The Institute for Fiscal Studies published its annual “green budget”, providing an evaluation of public finances and an outlook for the official UK Budget, due some time in March. The report and eight accompanying presentations (available online) are well worth a look for anyone interested in the UK economy or public finances. The IFS press statement was reasonably upbeat:
If Gordon Brown vacates the Treasury this year, he will leave the public finances stronger than he found them a decade ago, but he will have presided over a smaller improvement than seen in most other industrial countries, according to the Institute for Fiscal Studies' 2007 Green Budget.
Taking account of inflation and growth in the economy, Mr Brown is spending £22 billion more this year than Kenneth Clarke did in 1996-97 (mostly on investment), but raising £31 billion more in tax. This leaves him borrowing £9 billion less. Public sector net debt is £80 billion lower than in 1996-97 and the government's annual debt interest bill is £21 billion lower.
Of course, the British press glossed over the lower borrowing and public debt - it's all a greedy tax grab!

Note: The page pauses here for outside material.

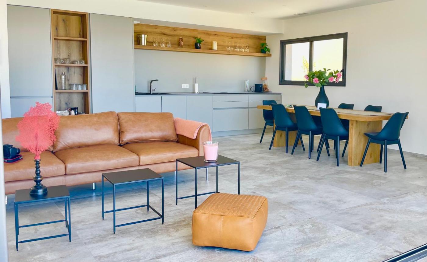 Villa 3 Chambres. Vous vivrez une expérience unique dans cette villa dotée d’une piscine avec vue. Cette villa climatisée comprend une entrée privée, une cuisine, 3 chambres ainsi que 3 salles de bains avec une douche à litalienne et un sèche-cheveux. La cuisine entièrement équipée est munie de plaques de cuisson, d’un réfrigérateur, d’un lave-vaisselle et d’ustensiles. La villa est également pourvue d’un barbecue. Cette villa dispose en outre d’une terrasse avec vue sur la mer, dun lave-linge et dune télévision à écran plat avec des services de streaming. Ce logement comporte 3 lits.
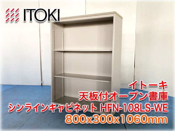 > イトーキ 天板付オープン書庫 シンラインキャビネット HFN-108LS-WE 800x300x1060mm ホワイトグレー色 A4縦ファイル対応 【長野発】

Today's front page story at the Daily Express tells it all: Now we all face higher tax bill
Families will be hit with a tax hike of £13 billion over the next five years as schools, hospitals and other public services face further chaos. Gordon Brown needs to raise the already soaring tax burden by an extra £422 per household.
That is on top of the rises in interest rates, fuel bills and also inflation that have left hard-pressed families now struggling to make ends meet.
...The eye-watering tax rises – outlined in a detailed analysis of the economy – will horrify struggling middle-income families, who have overwhelmingly borne the brunt of funding the Chancellor’s tax-and-spend spree over the past 10 years.
The Times also focuses on the extra tax burden: Brown may have to seek £10bn extra tax, says IFS
Gordon Brown may have to raise taxes by £10 billion and slash another £10 billion from public spending to meet his fiscal rules over the next five years, an independent think-tank says today.
The report ...casts doubt on the strength of the legacy that the Chancellor will leave if he moves to No 10 as expected this summer. It argues that the improvements in the public finances over the past decade are less impressive than than those of most of Britain’s economic rivals. It also estimates that tax revenues have risen over that period by the equivalent of £1,300 a family.
...the IFS says that Mr Brown has pencilled in a £20 billion cut in the growth of public borrowing, financed equally by taxpayers and departmental austerity. His Pre-Budget Report contains plans for public spending as a share of national income to fall by 0.8 per cent, equivalent to £10 billion in today’s terms, as well as an increase in the tax burden of the same amount. That would be the “tightest squeeze on spending” for a decade, the IFS says.
Yes, but just because tax revenues are rising, doesn't mean people are worse off. Ceteris paribus, nominal tax revenue should be expected to increase, as prices rise and the economy grows. Otherwise tax revenue will be an ever diminishing share of GDP.
What matters is whether households are better off, in real after-tax terms. With falling unemployment, Labour's boost to tax credits, and a sizeable increase in real wages over the past decade, most households in the UK are considerably better off than in 1997, as ONS data attests. The Times story makes this point in its last para:
A Treasury spokesman said: “These figures are incorrect, and it is ridiculous to suggest that families are worse off under this Government. As a result of personal tax and benefit measures introduced since 1997, households are on average £950 a year better off in real terms, and tax credits mean that three million families pay no net tax at all.”
Quite. But 'massive tax hike' makes a sexier story.